● **Description of the task**
Set the pictures aside and set down only the lines from the line holding "CALL OF THE WILD OVERNIGHTER BACKPACK BG117" through the end of the entries below, ends included.

═══ Study material ═══

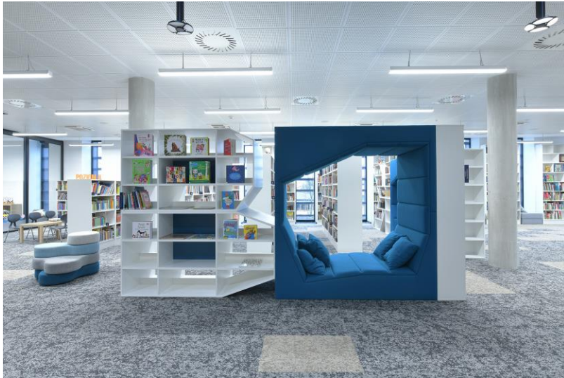
Library in Redzikowo
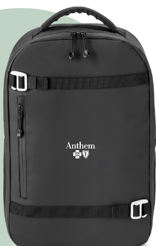
CALL OF THE WILD OVERNIGHTER BACKPACK BG117
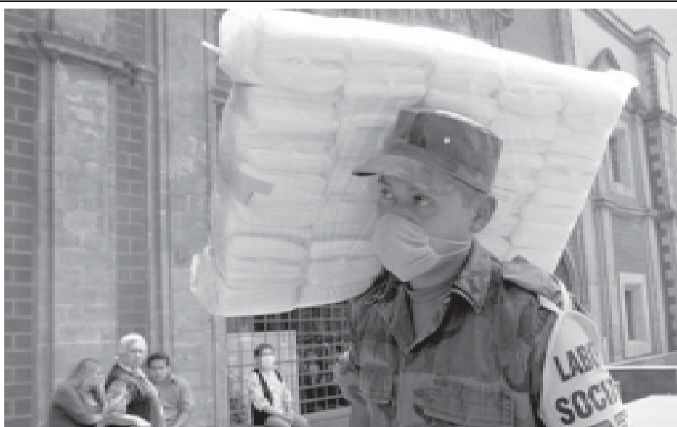
A Mexican soldier hands out masks in Mexico City, capital of Mexico, on 25 April, 2009. Mexican government has handed out 6 million masks for free to citizens of Mexico City since 23 April.—XINHUA
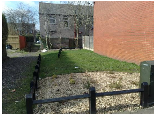
Demolition site – Bosworth Street
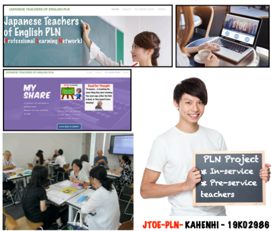
JTOE-PLN-KAHENHI - 19K02986

═══

● **Task answer**
CALL OF THE WILD OVERNIGHTER BACKPACK BG117
A Mexican soldier hands out masks in Mexico City, capital of Mexico, on 25 April, 2009. Mexican government has handed out 6 million masks for free to citizens of Mexico City since 23 April.—XINHUA
Demolition site – Bosworth Street
JTOE-PLN-KAHENHI - 19K02986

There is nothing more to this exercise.